Pharmacokinetics and pharmacodynamics of oral and transdermal 17β estradiol in girls with Turner syndrome

TitlePharmacokinetics and pharmacodynamics of oral and transdermal 17β estradiol in girls with Turner syndrome
Publication TypeJournal Article
Year of Publication2011
AuthorsTaboada, M., Santen R., Lima J., Hossain J., Singh R., Klein K. O., & Mauras N.
JournalThe Journal of clinical endocrinology and metabolism
Volume96
Issue11
Pagination3502-10
Date Published2011 Nov
ISSN1945-7197
KeywordsAdministration, Cutaneous; Administration, Oral; Adolescent; Estradiol; Estrogen Replacement Therapy; Female; Humans; Treatment Outcome; Turner Syndrome; Young Adult
Abstract

CONTEXT: The type, dose, and route of 17β-estradiol (E(2)) used to feminize girls with Turner syndrome (TS) is not well established.

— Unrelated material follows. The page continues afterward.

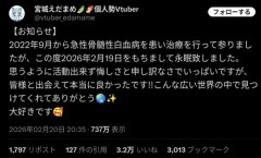 1: 2026/02/21(土) 18:37:54.88 【お知らせ】2022年9月から急性骨髄性白血病を患い治療を行って参りましたが、この度2026年2月19日をもちまして永眠致しました。思うように活動出来ず悔しさと申し訳なさでいっぱいですが、皆様と出会えて本当に良かったです!!こんな広い世界の中で見つけてくれてありがとう🌏✨大好きです🥰— 宮城えだまめ🫛🍠個人勢Vtuber (@vtuber_edamame) February 20, 2026 ※関連記事 【朗報】美少女Vtuber「彼氏いるよ」という切り抜きが拡散→運営「消せ消せ消せ」Vtuber「ネタでした」…

OBJECTIVE: The objective of the study was to characterize pharmacokinetics and pharmacodynamics of oral vs. transdermal E(2).

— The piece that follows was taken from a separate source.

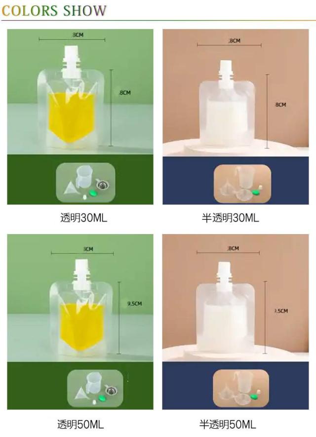 | 高温対応の使い捨て吸い口付きパウチ袋。 煎じた中薬、スープ、豆乳、ミルクティーなど様々な液体の保存・持ち運びに最適です。 食品級PE素材を使用し、液漏れしにくく、耐久性にも優れています。 吸い口付きで注ぐのも簡単、使いやすさ抜群。 ジュースバッグの底部は特別な独立したデザインを採用しており、耐荷重能力を効果的に高め、立体的なスペースをとらないため、テーブルやスタンドに飲み物を置くことができます。 軽くて持ち運びが簡単で、旅行、パーティー、キャンプ、アウトドア活動に非常に適しています。 サイズ展開も豊富で、業務用にも家庭用にもおすすめです。 | |

SETTING: The study was conducted at a clinical research center.
SUBJECTS: Ten girls with TS, mean age 17.7 ± 0.4 (se) yr and 20 normally menstruating controls (aged 16.8 ± 0.4 yr) participated in the study.
INTERVENTIONS: TS subjects were randomized 2 wk each to: low-dose daily oral (0.5 mg) and biweekly transdermal E(2) (0.0375 mg) with 2 wk washout in between or high-dose oral (2.0 mg) and transdermal (0.075 mg), studied for 24 h each. Tandem mass spectrometry E(2) and estrone (E(1)) assays and a recombinant cell bioassay were used.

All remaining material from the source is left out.